#pdlt : Peut-on être journaliste d’investigation sans être hacker ?

Xavier de la Porte, producteur de l’émission Place de la Toile sur France Culture, réalise chaque semaine une intéressante lecture d’un article de l’actualité dans le cadre de son émission. Désormais, vous la retrouverez toutes les semaines aussi sur InternetActu.net.

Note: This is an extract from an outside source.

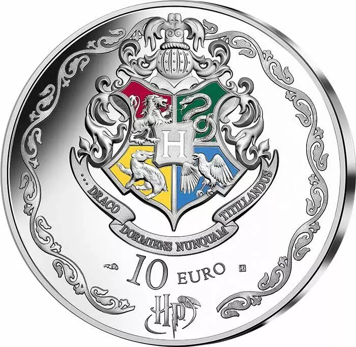 Le revers de cette monnaie arbore le blason en couleur de l’école de sorcellerie Poudlard. Les emblèmes des maisons sont ici représentés au dessus de la devise de l’école «Draco Dormiens Nunquam Titillandus » signifiant «Ne chatouillez pas un dragon qui dort». On retrouve sous le blason la valeur faciale de cette monnaie

La lecture de la semaine, il s’agit d’un très long portrait paru dans le New Yorker le 7 juin dernier. Portrait de Julian Assange, le fondateur du site Wikileaks. Vous avez certainement entendu parler de Wikileaks, c’est le site qui a sorti il y a deux mois la vidéo de l’armée américaine sur laquelle on voyait un hélicoptère Apache tuer deux journalistes de Reuters qui marchaient dans la rue avec un groupe d’hommes, puis tirer sur l’ambulance qui venait chercher les blessés, ambulance dans laquelle on transportait deux enfants. Wikileaks est donc un site qui, depuis son lancement il y a 3 ans et demi, met en ligne des informations que les gouvernements ou institutions considèrent comme confidentielles : le catalogue exhaustif, évidemment top secret, des procédures mises en place dans le camp delta de Guantanamo, ou le contenu du compte privé Yahoo de Sarah Palin, par exemple. Wikileaks, explique Raffi Khatchadourian, le journaliste du New Yorker, n’est pas vraiment une organisation : pas d’équipe, pas de bureau, pas de lieu physique. Julian Assange lui-même n’a pas de domicile, il circule de pays en pays, et vit chez des amis. Wikileaks est là où se trouve Julian Assange. Mais, dans le même temps, des centaines de bénévoles de par le monde aident continument à maintenir l’infrastructure complexe du site, seul entre 3 et 5 personnes s’y dédiant à plein temps. D’ailleurs, ils ne sont connus que par des initiales et ils communiquent entre eux par un tchat crypté.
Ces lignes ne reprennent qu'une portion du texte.